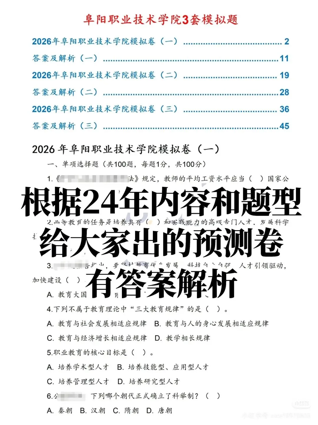 8️⃣阜阳职业技术学院三套模拟题
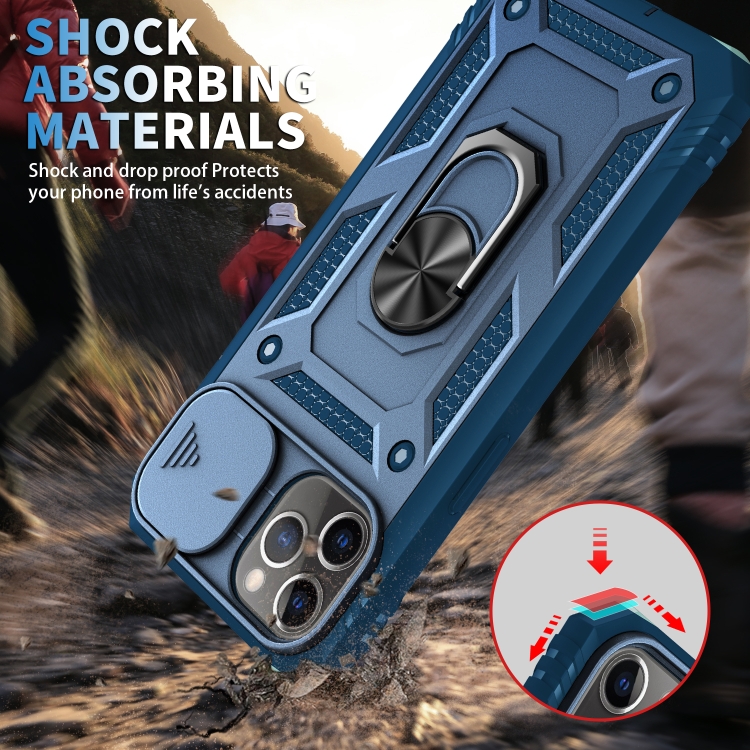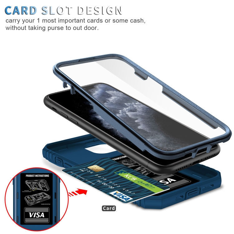 Funda Protectora para iPhone 11 Pro Max TPU + PC con Cubierta de Cámara Deslizante Soporte Giratorio 360 Ranura para Tarjeta (Azul)
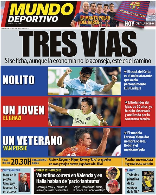 Entretanto, el Barça sigue a sus cositas (a saber, el brazo aberrantemente tatuado de Messi y el fichaje de Sergio Leone - la enunciación de hipotéticas contrataciones es casi como EL Bueno, El Feo y el Malo-) mientras espera para poder erguirse como un solo hombre a entonar su verdadero himno: https://www.youtube.com/watch?v=XCdeq_CECp4

### What you are asked to do
Every line above is to be written out unchanged, with the pictures omitted.

### Answer box
 8️⃣阜阳职业技术学院三套模拟题
 Funda Protectora para iPhone 11 Pro Max TPU + PC con Cubierta de Cámara Deslizante Soporte Giratorio 360 Ranura para Tarjeta (Azul)
 Entretanto, el Barça sigue a sus cositas (a saber, el brazo aberrantemente tatuado de Messi y el fichaje de Sergio Leone - la enunciación de hipotéticas contrataciones es casi como EL Bueno, El Feo y el Malo-) mientras espera para poder erguirse como un solo hombre a entonar su verdadero himno: https://www.youtube.com/watch?v=XCdeq_CECp4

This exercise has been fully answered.